What he would do is send that out to the NATing device which is akin to—let’s say you have a home router or routing device; that’s the first device you’re traffic’s going to hit.
The NAT, network address translation, part of that is going to convert that internal address to a real internet address—which is what? It’s this 123 1st Street.
That traffic is gonna traverse from 123 1st Street, so it’s like sending mail with the return address being 123 1st Street over to Company1.net.
As soon as Company1.net sends a response it’s going to not send it to Apartment 2—it’s actually going to send it to 123 1st Street.
It’s going to send a response back, and what’s going to happen is the NATing device actually keeps track of what’s going out and the corresponding response. And it knows that the response to 123 1st Street—let’s say it’s the person’s name, they put their name on the letter going out—it knows it converts that to an internal address which happens to be Apartment 2, it knows that person lives in Apartment 2.
Here’s the key: Company 1 doesn’t know that that person lives Apartment 2. All it knows is 123 1st Street—essentially obscuring the final address of that person. So, by that, it’s kind of a security device because it protects that person; it’s akin to a security device.
Now, that by itself is typically not enough. On the same device, we’ll have a firewall function. What’s a firewall function? A firewall function is known as a security device, service appliance that actually monitors the network communication between some source and some destination, typically deployed across two different networks. That’s not always the case, but in this analogy, we’re gonna just say the firewall is there between the internal network and the external network, and notice we have it deployed on our NAT device.

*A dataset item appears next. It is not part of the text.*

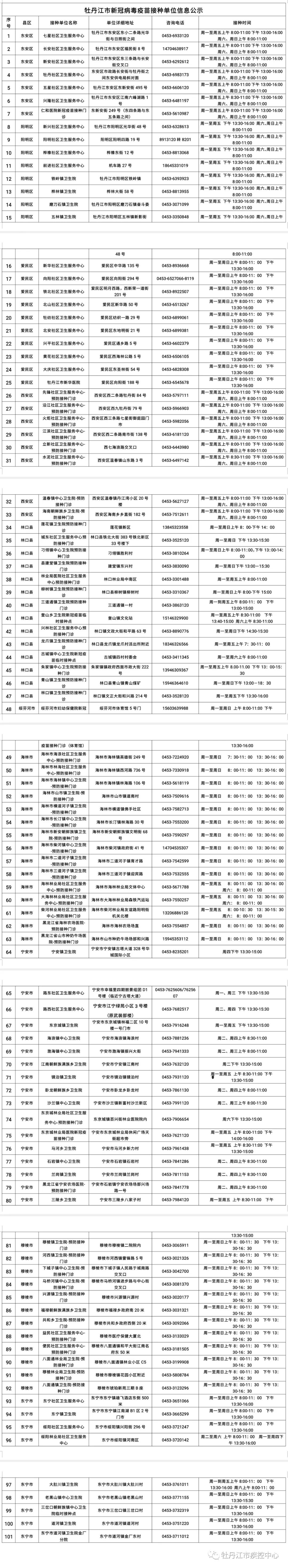 为方便广大市民特别是老年人接种新冠疫苗,获得规范、及时、安全的预防接种服务和预防接种知识,现将牡丹江市101家新冠疫苗接种点名称、地址、联系电话、服务时间安排公布如下,望广大市民知悉(详见下表)。

So, in a typical firewall, we’ll have something called a stateless firewall.
And all a stateless firewall is, it’s just like a lock on the door. So, we put a lock over here, and we put a lock over here, well, all that says is: “I’m a person that wishes to get into the apartment I have a key and I’ll open the door and go in.”
Well, it’s not a bad way to go, and it keeps most people out of the apartment building that don’t live there, but somebody can tailgate and they can go in behind that behind the traffic—maybe figure out the key, there’s a couple different ways. It’s a decent firewall but as things get more sophisticated, it’s not enough.
So, the next type of firewall that came up was called stateful.
So, stateful firewall does this—now we’ve hired a security guard—here’s our security guard, he’s a cool dude.
He’s sitting at that the front desk. So, as traffic tries to enter the apartment building, maybe they have a key, he looks at the person and say’s “Where are you going?” – “I’m going to Apartment 4.”
Okay, so now the traffic’s allowed to Apartment 4. Doesn’t ask what the person’s doing there or anything else, just allows the traffic.
So, really, a stateful firewall understands the source and destination of the traffic, and it actually monitors the conversation between that source and destination. And does a little bit more being a traffic cop between those two sources and destinations.
So, the last thing we’re gonna look at is something called an application firewall.
Application firewall is something that looks deeper the conversation. So now we have our traffic cop over here, and what he’s doing is, now rather than just asking what apartment you’re going to, he’s going to ask what your purpose is.
It actually looks deeper into the conversation; if we’re talking about web service traffic, and makes sure that’s really web-type traffic that’s being communicated from the source and destination, not just some other type of traffic that could be some kind of malicious traffic.
So, in other words, it’s analogous to—okay, I have a person trying to get to Apartment 2, and that person says that they’re there to deliver a pizza, when really you know they’re trying to do door-to-door sales. So, the security guard, in this case, would figure that out and not allow the person access to their apartment.